MPs say plans to build a road tunnel near Stonehenge are at risk, unless money for the project can be secured.
They've issued the warning as part of a report from The House of Commons' Public Accounts Committee.
Public private finance was due to fund the scheme, but the government cancelled all future deals using that model last year.
The tunnel is a key part of plans to dual the A303 and there's been warnings without it then the benefits of other aspects may be less financially viable.
A report concludes: "If uncertainty about funding is not resolved before 2020, the timetable and viability of Stonehenge tunnel project will be put at risk.
"The Stonehenge tunnel project was to be financed under the PF2 private finance initiative but in October 2018, the Chancellor cancelled future private finance deals, including for this project.
"The Department says that it and HM Treasury remain committed to the project and the Treasury has released funding of £21.5 million during 2019-20 to allow the project to keep going.
"However, the Department does not expect to fund the project from its £25.3 billion draft funding envelope for the second Road Investment Strategy (2020 to 2025).

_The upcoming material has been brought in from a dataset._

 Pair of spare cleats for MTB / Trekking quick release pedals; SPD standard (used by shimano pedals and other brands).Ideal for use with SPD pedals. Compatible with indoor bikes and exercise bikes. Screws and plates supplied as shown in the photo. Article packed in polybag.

It intends to make a case to HM Treasury for additional funding for the project as part of the next Spending Review, the timing of which is still uncertain.

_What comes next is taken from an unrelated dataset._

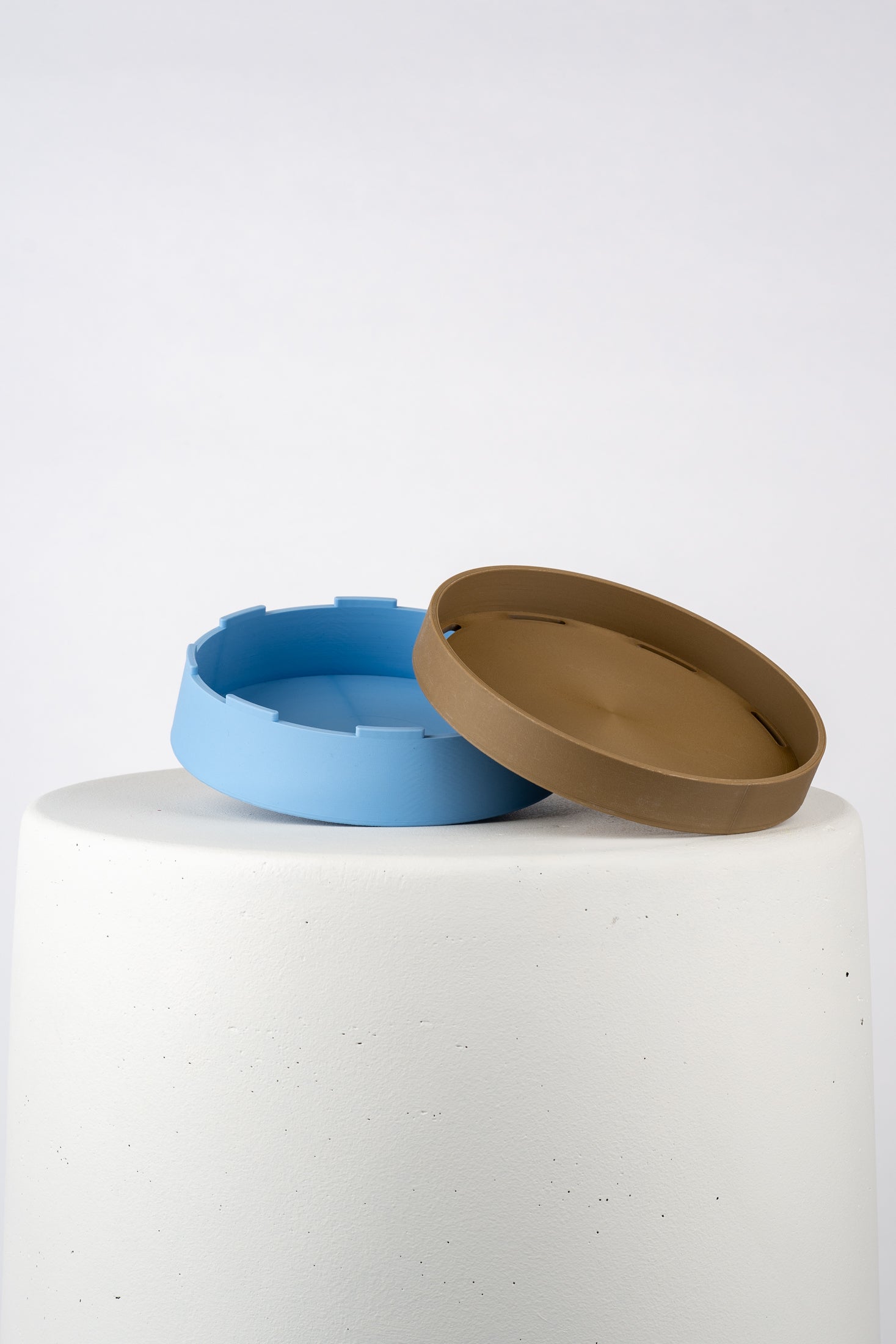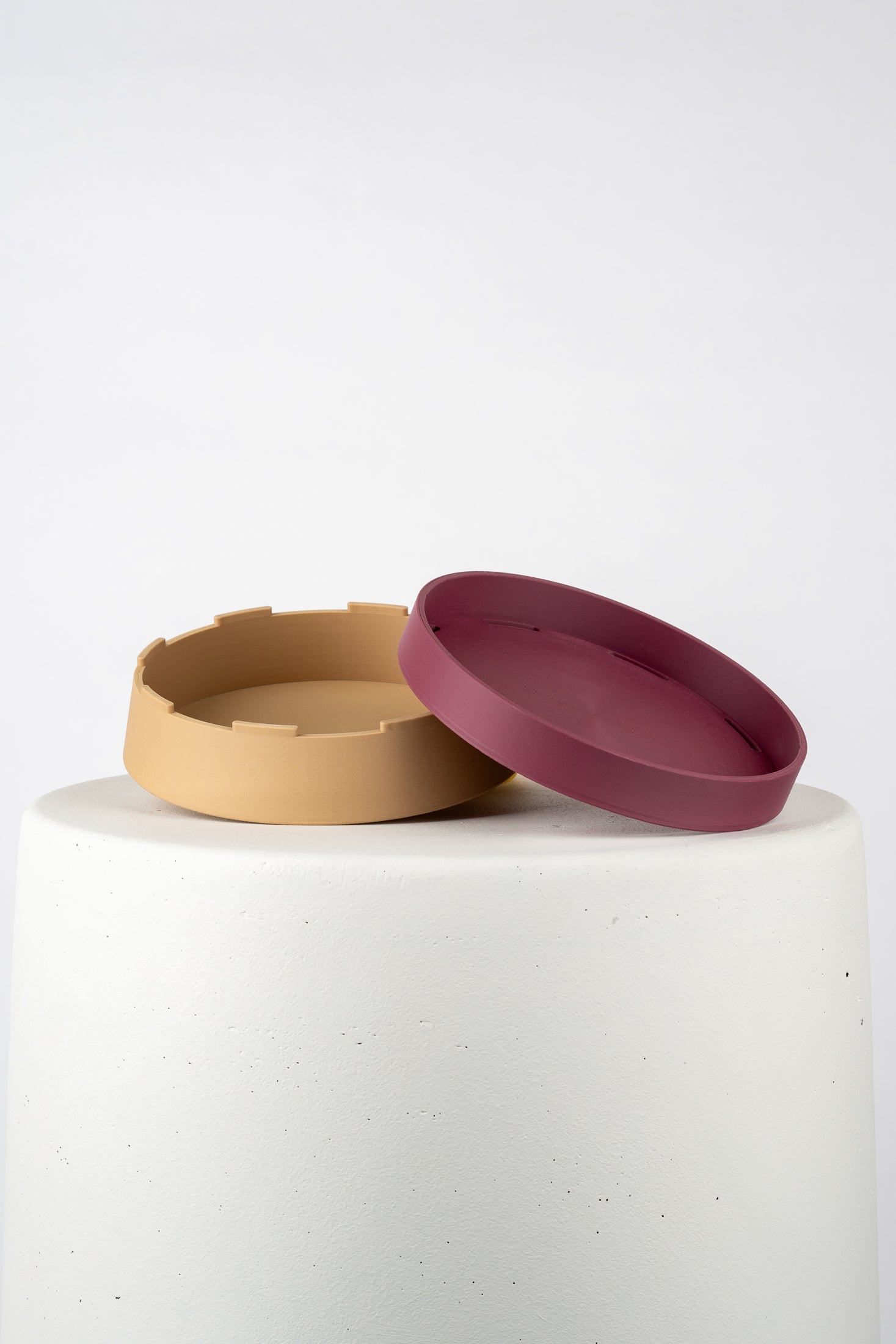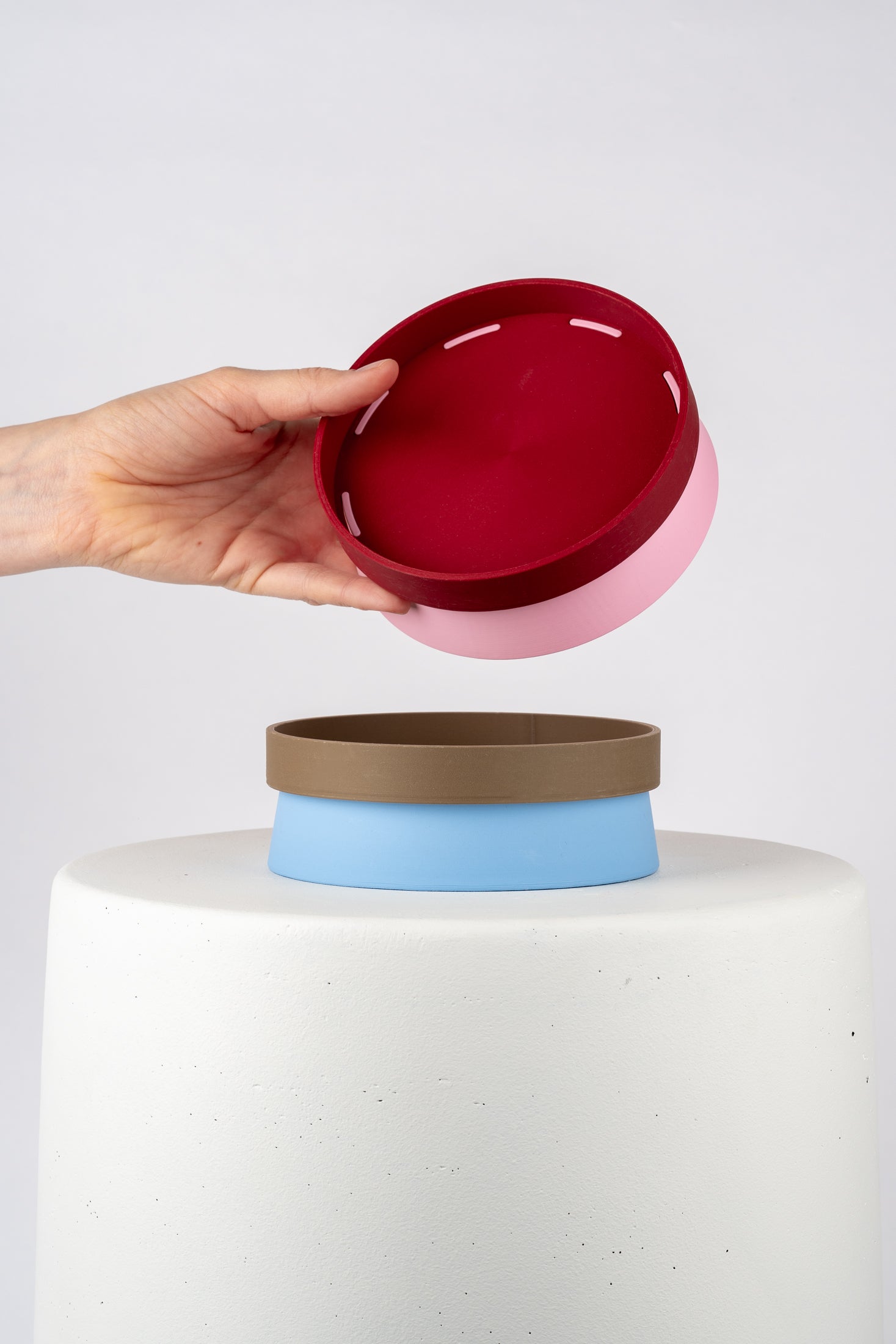 The box is 3d-printed, all color variations are made of PLA and fully recyclable.

"The Department says that only having a one-year settlement would raise questions about whether the scheme could continue to the same timeframe.
"Highways England says that it must have funding certainty by the end of the year if it is to begin the commercial process to find a construction contractor in the first quarter of next year and keep to its 2026 target opening date.
"It says that without funding clarity, potential suppliers will not be willing to incur the high bidding costs involved.
"The Department's view is that “if we want this scheme to continue, and to continue in a sensible and efficient way to the current project timeframe, we cannot wait another year, or however long it takes to carry out a spending review."
The report recommends: "The Department and Highways England must plan for what alternative funding arrangements or delivery plans it could put in place, in the event that HM Treasury does not confirm longer term funding by the end of the year."